I can’t say that 2017 was the best year for watches ever; I don’t think you could say that about any year. There were however a fair few surprises spread throughout the year and, as ever, some truly extraordinary pieces of horology.
So, from the unique to the extreme and a few dotted in-between here are, in no particular order what I consider to be the best pieces of 2017. Oh, and if I’ve missed your favourite… well, you won’t be the only one.
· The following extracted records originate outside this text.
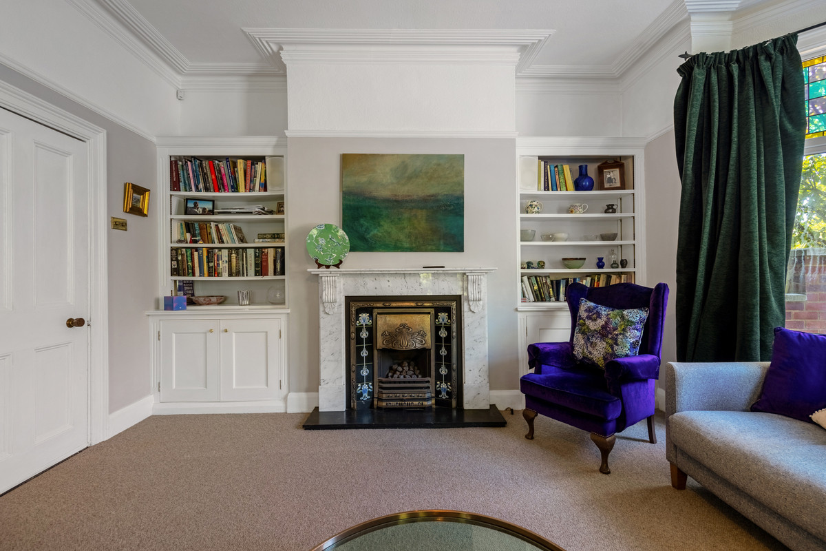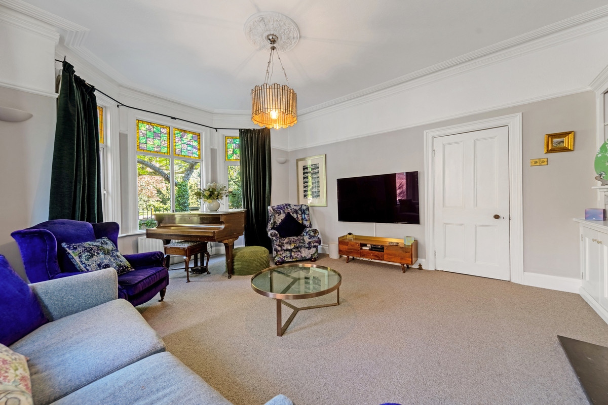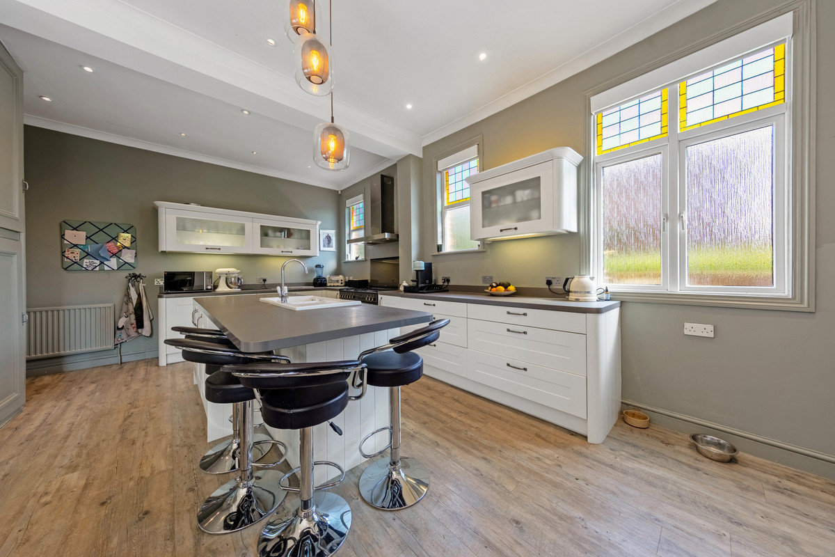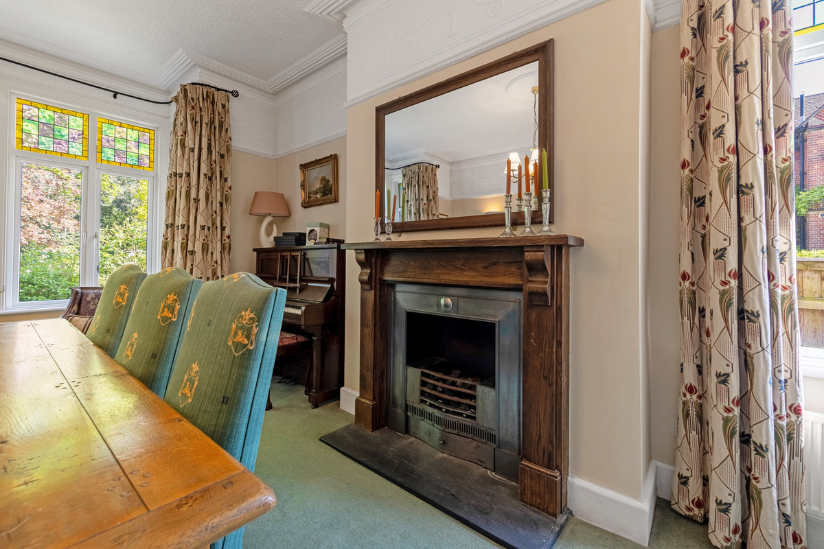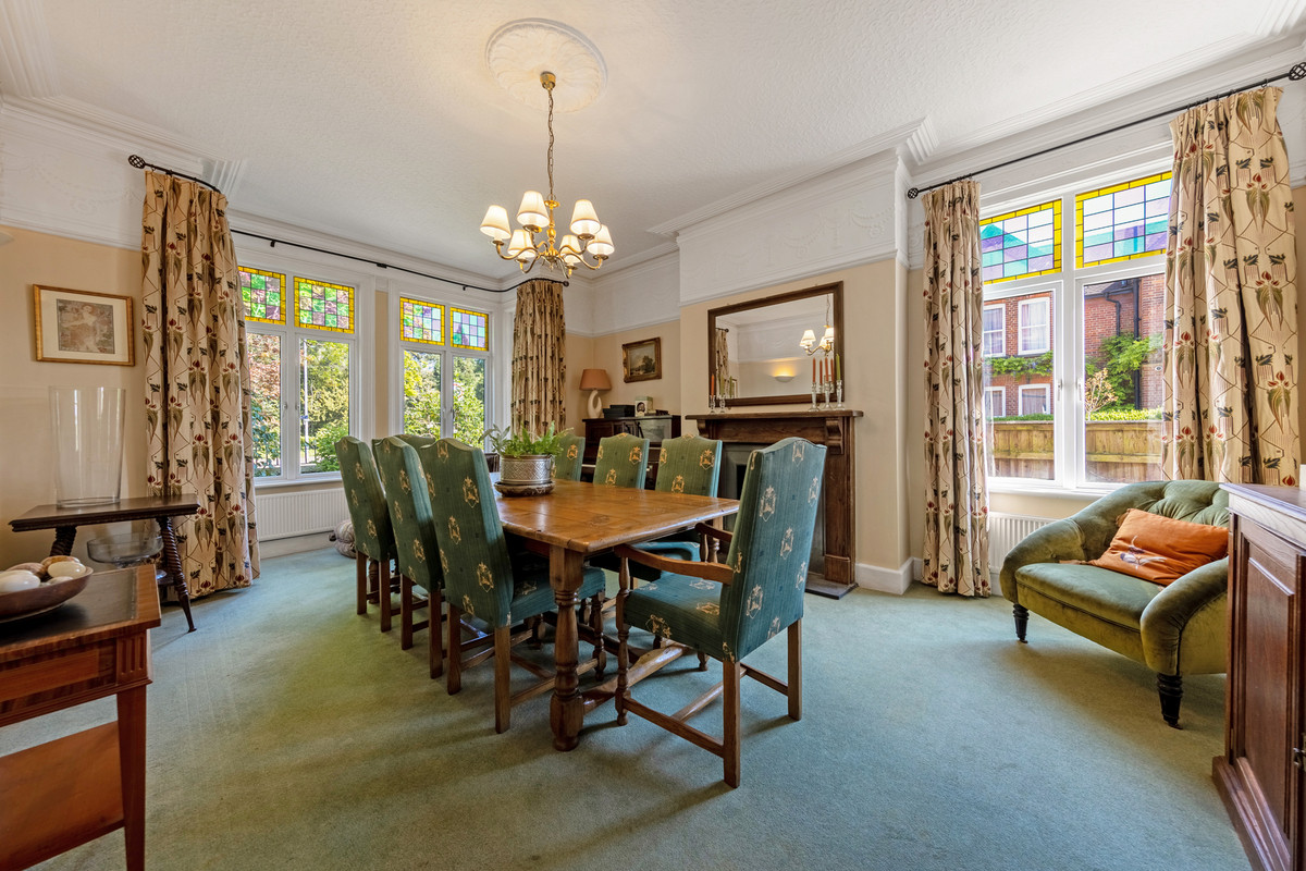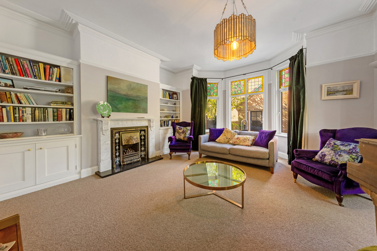 The ground floor layout is both practical and full of character. A generous entrance hall greets you with period detailing and leads through to a large formal sitting room at the front of the house, complete with a wide bay window featuring stained glass and a period fireplace. Adjacent is a versatile second reception room, perfect as a snug, playroom or study. Situated to the left of the entrance hall is a third large reception room perfect for dining.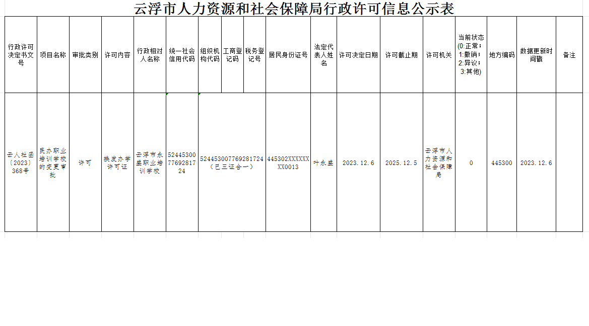 云浮市永盛职业培训学校申请民办职业培训学校的变更审批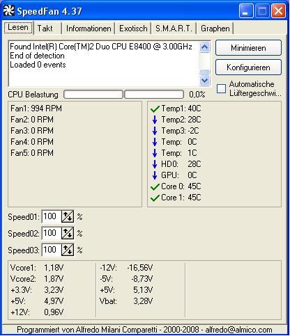 Wenn ich im Bios die Spannungen auf Auto stelle (im nicht übertakteten Zustand(!)), so ist vCore bei 1,375, obwohl die E8400 einen Wert von 1,225 haben sollte.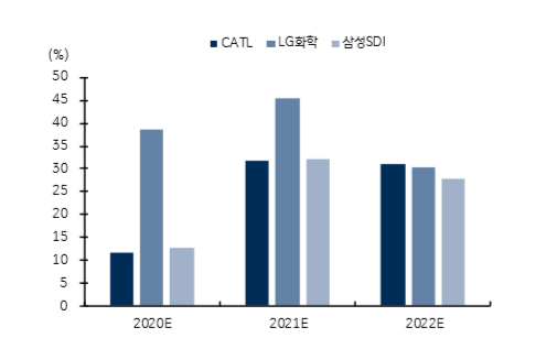KB증권 조사에 따르면 2021년 CATL 매출액 성장률은 30%를 상회할 전망이다. CATL은 글로벌 배터리 점유율에서 최근 2년간 1위 자리를 지켜왔다.
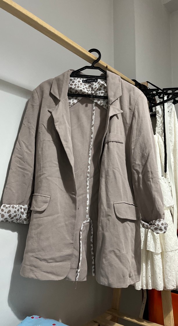 Bej keten kumaştan, düğmeli ve kesimli yakalı kadın blazer. Uzun kollu, desenli iç manşetlerle günlük sokak tarzına uygun, rahat kesim.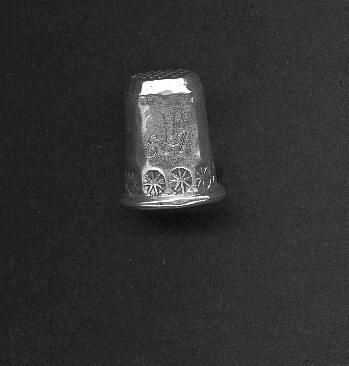 Silver thimble with rolled rim. Hand crafted. Design of CatherineÕs wheels above rim. Initials EA on body of thimble. Body is smooth but worked- hammered.Flat knurled top. Stamped on rim ED and 999.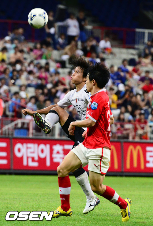 29일 오후 부산 아시아드 주경기장에서 열린 '현대오일뱅크 K리그 2012' 24라운드 부산 아이파크-포항 스틸러스 경기 후반, 포항 김광석과 부산 한지호가 공중볼 다툼을 하고 있다.
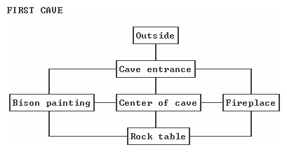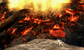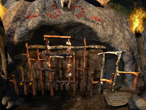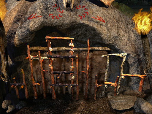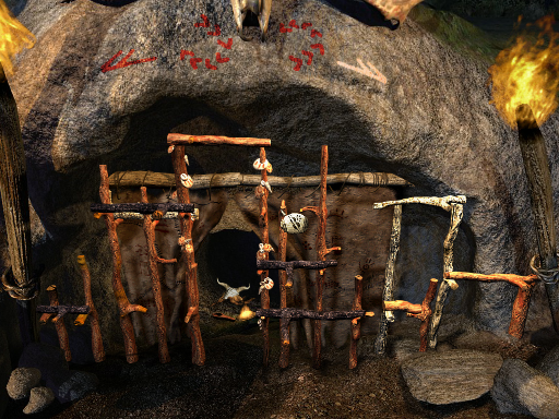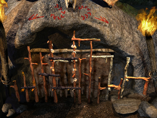 Re-enter the cave, then move right and pick up another load of Branches. Ignite them in the fire as before, then go outside while carrying them. Take the left (uphill) fork in the path and enter a second cave. The game demo ends at this point. Ignite the fireplace at lower right.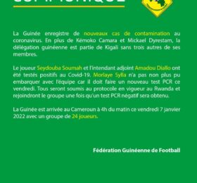 De nouveaux cas de Covid19 ont été enregistrés au sein de l’équipe nationale de football de Guinée. Lire ci-dessous le communiqué...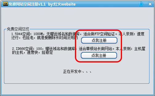 免费网站空间注册是一款专门用于注册网站免费空间的小工具。该软件可以很方便的注册5944和ID666免费空间,后续将持续更新,将会支持更多的免费网站空间。欢迎下载使用!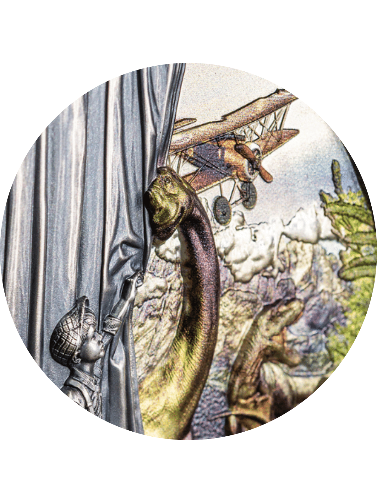 ADVENTURE 2 Oz Silver coin is the second issue of the "Daydreamer" series: the Adventure. It represents a person who undertakes an imaginary journey which allows the mind to break free from the day-to-day noise to seek a serene fictional place. The coin has an Antique Finish quality, a Smartminting technology and comes in a beautiful case, along with the Certificate of Authenticity. Limited mintage of only 1500 pieces worldwide!

Zenith Defy El-Primero Defy Lab
Now, I’m with the majority of people out there that think Zenith’s headline-stealing watch isn’t exactly a looker. The aluminium foam case looks at once flashy and trashy and the skeletonised dial really isn’t for me. It is however one of the few genuinely new ideas to crop up in a year otherwise dominated by vintage reissues.
Time will tell whether or not Zenith’s new oscillator will be truly revolutionary (odds are on not) but it’s a magnificent idea. It replaced the most vital part of the watch and, vibrating at ridiculous frequencies, sounds like a helicopter trapped in a watch body. It actually got me excited in Zenith again, and that’s worth it’s place alone.
Chanel Montre de Monsieur
I wasn’t really too surprised when Chanel’s first serious men’s collection came out. I had high hopes and it more than met them. After all, the J12 has been one of the key women’s pieces since launch and the fashion house was overdue to make the leap to male wrists.
Along with the near-perfect dial design, the Monsieur includes Chanel’s first in-house movement, signalling the transition from well-made fashion watches to serious watchmaking. That’s all the more impressive given that this is a jumping hour retrograde minutes watch – not your everyday movement.
Nomos Glashutte Tangente Neomatik 39 Silvercut
Many brands have tried the ‘less is more’ approach; some have even succeeded. Sometimes. None have quite the concise, confident hand at it like Nomos Glashutte. Painfully cool, affordably-priced and fit for slimmer wrists… there’s no way I couldn’t put them on the list somewhere.
This version however isn’t quite as simple as the others. It has the same ultra-thin movement and slimline case as their other models, but the ‘silvercut’ brushed dial is something else entirely. Combined with bright blue hands and gold moniker on the dial, it creates a beautiful timepiece with the minimum of fuss. I’m waiting for Nomos to do something awful at some point but it looks like I’ll be waiting a while.
Tudor Black Bay Chronograph
I had my doubts about adding a chronograph to the otherwise minimal (for a diving watch) Black Bay but I really didn’t need to be. I had it on my wrist for a week and never wanted to take it off.
It still has everything that made the original the successful re-launchpad for Tudor as a whole – the serious diving feel, the unique Tudor touches, the classic submariner case – and balances the clean look of the original with the more technical nature of a chronograph. It’s definitely the diving watch of the year, just edging out the great Rado Captain Cook reissue.
Chopard L.U.C Full Strike
It’s always hard to separate the headline-grabbing haute horology pieces of the year. Anything with a tourbillon alone has just become boring so it takes a lot for a watch to sound above the white noise. Fitting then that Chopard’s haute horology arm has taken that literally with the L.U.C. Full Strike.
Winner of the GPHG ‘Aiguille d’Or’ Grand Prix and celebrating Chopard’s 20th watchmaking anniversary, the minute repeater sounds hours, quarters and minutes on sapphire crystal chimes. There’s just no comparison between this and the usual repeaters on metal gongs. It’s a beautiful sound from one hell of a watch.